さらに下から激しく腰を打ち付ける。日輪も全蔵も、激しく動いていたため体からは汗が噴き出て
いる。二人はもう絶頂へ近づいていく。
「ひ、ひの、わ、いいか?イッテも、出すぜ」
「ああ、出して。あたしに全部、ぶちまけて」
「うぉ、あああっ」
「ふっ、ぅうぁはあっ、んっふっううん!」
全蔵は射精していった。日輪も満足したのか、体が自然と小刻みに震えている。一度ではなく、何度
も射精するたびに、日輪は膣内にてこれを感じていた。射精し尽くすと、日輪は全蔵の胸の中に倒れ
込んだ。二人の息遣いだけが響く。
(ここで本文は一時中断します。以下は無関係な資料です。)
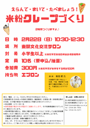 【2月のイベント】えらんで・まいて・たべましょう!米粉クレープづくり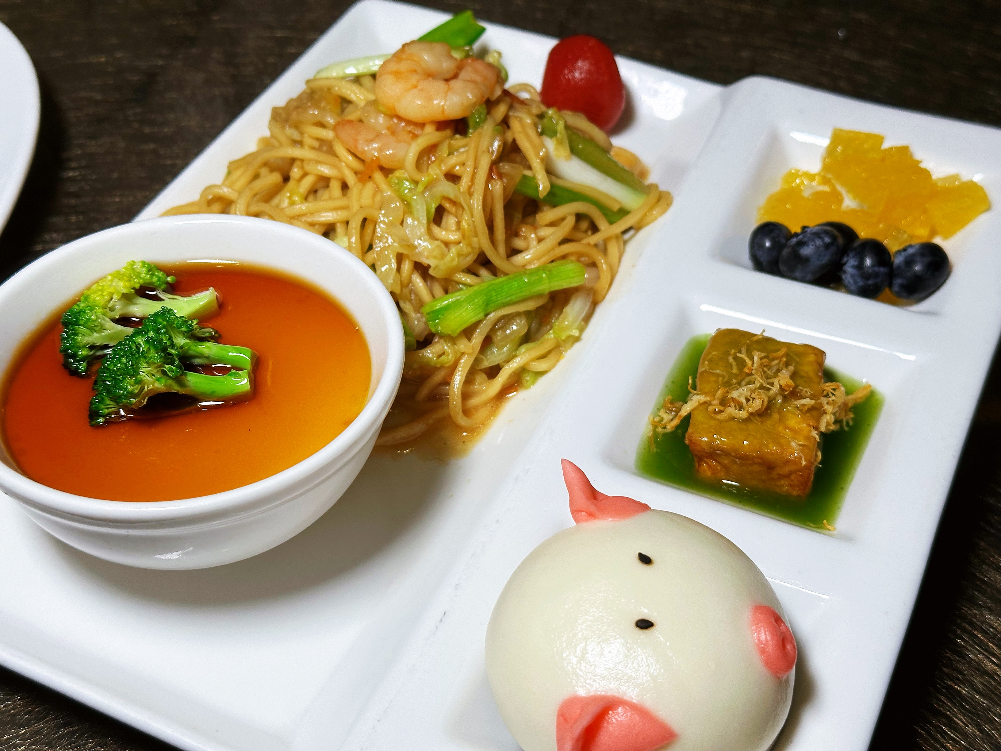 小宝宝的儿童套餐谁能拒绝。猪猪包、豆腐、鸡蛋羹、海鲜面还有水果。整个爱住啦。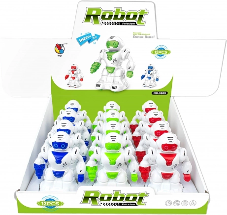 Découvrez le plaisir de jouer avec un robot à inertie de 12 cm, disponible en trois couleurs vives : vert, bleu et rouge.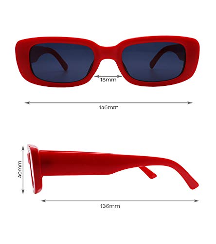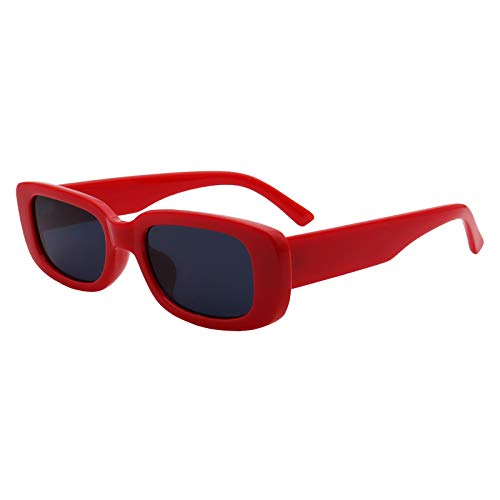 FOURCHEN Occhiali da sole rettangolari vintage da donna e da uomo, alla moda, con montatura quadrata, protezione UV 400, Rosso

息も落ちついたところで、日輪が口を開いた。
「はあ、はあ、久々だったから燃えちゃったみたいねえ。まだまだ、あたしも若いのかもね」
「へっ、俺は堪能させてもらったぜ。はは、気持ちよすぎだって」
「あら?まだまだ頑張らないと。こんなモンじゃないから」
ニッコリと日輪は全蔵に微笑みを向けた。こいつにゃ一生敵わねえな、苦笑いを浮かべながら全蔵
は日輪の髪をゆっくり撫でた。自分の好みとは真逆ながらも、その節を曲げさせた吉原の太陽・日輪。
全蔵は日輪を引き寄せると、愛しさを込めて唇を重ねた。